[Collected data]

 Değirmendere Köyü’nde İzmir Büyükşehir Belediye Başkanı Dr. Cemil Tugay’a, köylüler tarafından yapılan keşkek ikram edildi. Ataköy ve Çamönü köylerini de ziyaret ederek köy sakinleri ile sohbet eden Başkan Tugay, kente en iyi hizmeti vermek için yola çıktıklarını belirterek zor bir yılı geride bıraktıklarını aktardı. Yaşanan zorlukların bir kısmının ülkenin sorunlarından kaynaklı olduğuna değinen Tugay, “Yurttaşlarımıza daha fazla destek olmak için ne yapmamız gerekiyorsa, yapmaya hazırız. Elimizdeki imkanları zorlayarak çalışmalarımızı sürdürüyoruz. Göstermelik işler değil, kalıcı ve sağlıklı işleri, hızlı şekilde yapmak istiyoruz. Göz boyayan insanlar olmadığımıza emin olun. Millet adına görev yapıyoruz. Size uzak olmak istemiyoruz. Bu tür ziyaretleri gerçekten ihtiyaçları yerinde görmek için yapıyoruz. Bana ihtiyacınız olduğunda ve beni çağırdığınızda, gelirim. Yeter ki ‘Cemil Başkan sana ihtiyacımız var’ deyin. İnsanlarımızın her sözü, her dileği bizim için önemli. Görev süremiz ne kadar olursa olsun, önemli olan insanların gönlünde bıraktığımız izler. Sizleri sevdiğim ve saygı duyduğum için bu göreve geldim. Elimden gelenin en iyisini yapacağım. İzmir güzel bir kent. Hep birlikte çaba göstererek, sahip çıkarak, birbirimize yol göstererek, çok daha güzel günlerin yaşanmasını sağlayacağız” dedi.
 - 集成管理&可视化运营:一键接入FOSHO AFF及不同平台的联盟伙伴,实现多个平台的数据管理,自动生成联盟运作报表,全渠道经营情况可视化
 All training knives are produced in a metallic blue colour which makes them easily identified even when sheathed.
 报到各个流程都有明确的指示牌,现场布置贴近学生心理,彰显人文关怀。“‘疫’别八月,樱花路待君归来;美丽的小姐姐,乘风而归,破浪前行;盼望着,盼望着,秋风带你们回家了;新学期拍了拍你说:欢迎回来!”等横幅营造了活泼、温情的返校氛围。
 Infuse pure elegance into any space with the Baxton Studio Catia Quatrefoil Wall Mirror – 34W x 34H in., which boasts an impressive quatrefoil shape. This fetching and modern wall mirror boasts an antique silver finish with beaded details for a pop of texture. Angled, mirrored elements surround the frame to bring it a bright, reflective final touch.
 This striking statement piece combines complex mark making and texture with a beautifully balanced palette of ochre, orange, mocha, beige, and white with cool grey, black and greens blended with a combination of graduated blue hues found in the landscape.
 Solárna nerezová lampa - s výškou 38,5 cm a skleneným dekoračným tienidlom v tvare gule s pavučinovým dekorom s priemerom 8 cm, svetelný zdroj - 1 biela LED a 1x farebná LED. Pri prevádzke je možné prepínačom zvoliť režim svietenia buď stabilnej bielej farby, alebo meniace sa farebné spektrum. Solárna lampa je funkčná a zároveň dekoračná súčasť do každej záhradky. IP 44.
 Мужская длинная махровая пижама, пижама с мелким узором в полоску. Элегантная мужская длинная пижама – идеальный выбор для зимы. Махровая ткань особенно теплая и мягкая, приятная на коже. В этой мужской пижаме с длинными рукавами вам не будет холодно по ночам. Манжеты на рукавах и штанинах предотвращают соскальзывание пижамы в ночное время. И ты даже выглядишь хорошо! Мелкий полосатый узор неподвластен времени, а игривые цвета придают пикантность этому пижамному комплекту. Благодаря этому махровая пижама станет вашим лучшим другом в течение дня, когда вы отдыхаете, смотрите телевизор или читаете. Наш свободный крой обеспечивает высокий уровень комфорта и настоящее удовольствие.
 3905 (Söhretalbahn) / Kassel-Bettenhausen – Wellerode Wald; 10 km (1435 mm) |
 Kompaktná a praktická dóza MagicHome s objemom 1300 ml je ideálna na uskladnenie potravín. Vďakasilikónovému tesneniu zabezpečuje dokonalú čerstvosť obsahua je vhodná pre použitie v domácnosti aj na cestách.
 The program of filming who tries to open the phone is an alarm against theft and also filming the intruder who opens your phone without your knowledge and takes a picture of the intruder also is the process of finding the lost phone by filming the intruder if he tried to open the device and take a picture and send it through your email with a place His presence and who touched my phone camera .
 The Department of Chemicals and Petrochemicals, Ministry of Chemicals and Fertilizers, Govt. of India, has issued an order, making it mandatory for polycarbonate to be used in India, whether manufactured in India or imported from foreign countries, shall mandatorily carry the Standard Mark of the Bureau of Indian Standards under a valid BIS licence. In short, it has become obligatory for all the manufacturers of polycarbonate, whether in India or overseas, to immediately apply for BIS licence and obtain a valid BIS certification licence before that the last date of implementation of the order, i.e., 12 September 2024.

WHAT IS EXPECTED:
Copy each line of the entries that includes the word "blue".

OUTPUT OF THE TASK:
 All training knives are produced in a metallic blue colour which makes them easily identified even when sheathed.
 This striking statement piece combines complex mark making and texture with a beautifully balanced palette of ochre, orange, mocha, beige, and white with cool grey, black and greens blended with a combination of graduated blue hues found in the landscape.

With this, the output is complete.